El Marco de referencia europeo proporciona una base común para la elaboración de programas de lenguas, orientaciones curriculares, exámenes, manuales, etcétera, en toda Europa. Describe de forma integradora lo que tienen que aprender a hacer los estudiantes de lenguas con el fin de utilizar una lengua para comunicarse, así como los conocimientos y destrezas que tienen que desarrollar para poder actuar de manera eficaz. La descripción también comprende el contexto cultural donde se sitúa la lengua. El Marco de referencia define, asimismo, niveles de dominio de la lengua que permiten comprobar el progreso de los alumnos en cada fase del aprendizaje y a lo largo de su vida.
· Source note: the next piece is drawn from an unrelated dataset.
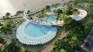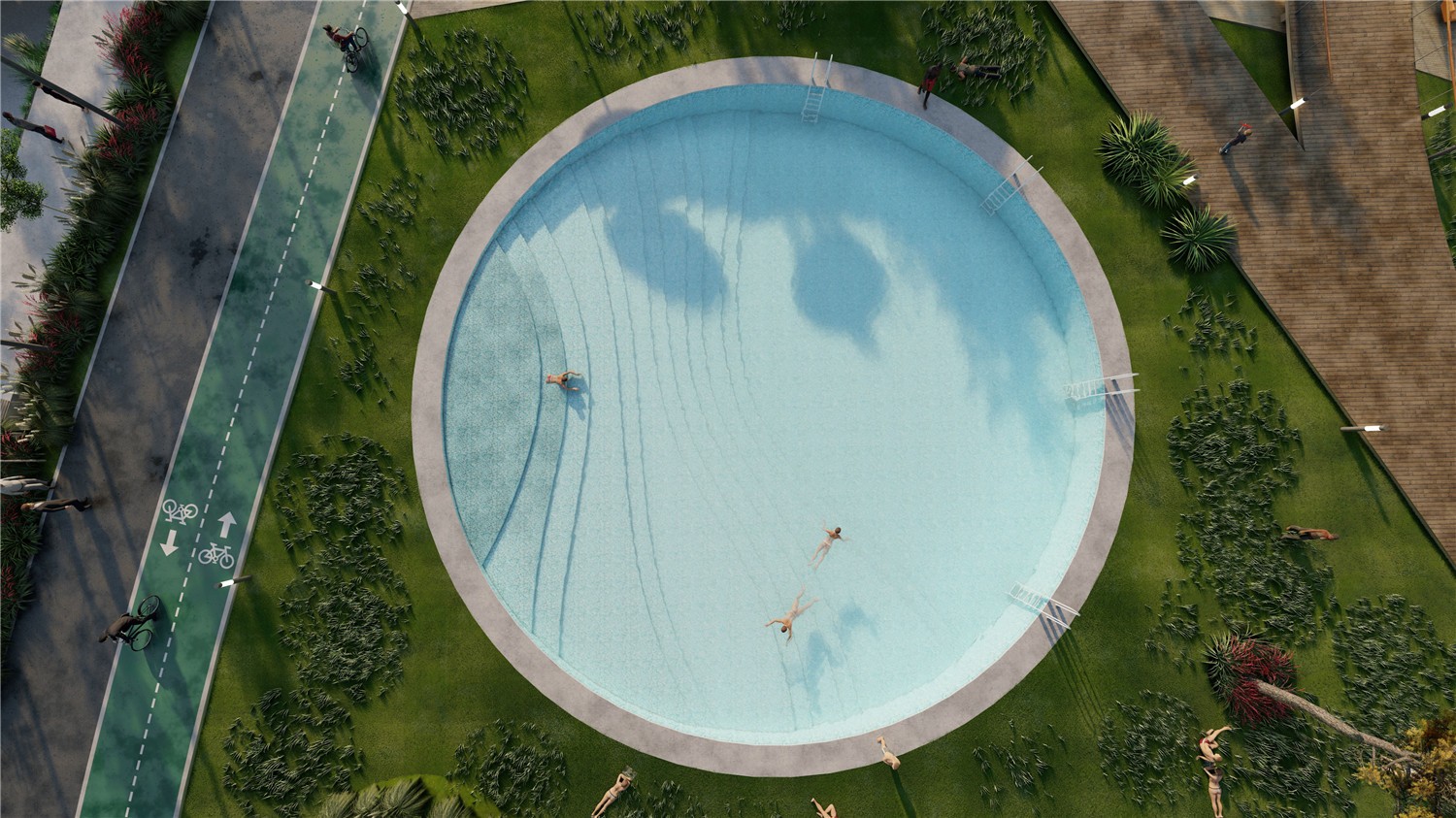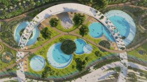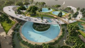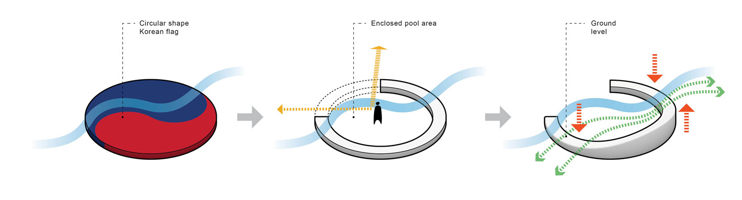 The search for this balance between nature & architecture, is the core of our design, translating the Taegeuk into a circular architectural object, a pedestrian walkway that encloses the main pool facility. This circular walkway is interrupted at the riverbank, hovering over the river, a belvedere allowing amazing views over the Hang River.

Se pretende que el Marco de referencia venza las barreras producidas por los distintos sistemas educativos europeos que limitan la comunicación entre los profesionales que trabajan en el campo de las lenguas modernas. El Marco proporciona a los administradores educativos, a los diseñadores de cursos, a los profesores, a los formadores de profesores, a las entidades examinadoras, etc., los medios adecuados para que reflexionen sobre su propia práctica, con el fin de ubicar y coordinar sus esfuerzos y asegurar que estos satisfagan las necesidades de sus alumnos.
Al ofrecer una base común para la descripción explícita de los objetivos, los contenidos y la metodología, el Marco de referencia favorece la transparencia de los cursos, los programas y las titulaciones, fomentando de esta forma la cooperación internacional en el campo de las lenguas modernas. La presentación de criterios objetivos que describan el dominio de la lengua facilitará el reconocimiento mutuo de las titulaciones obtenidas en distintos contextos de aprendizaje y, consecuentemente, contribuirá a la movilidad en Europa.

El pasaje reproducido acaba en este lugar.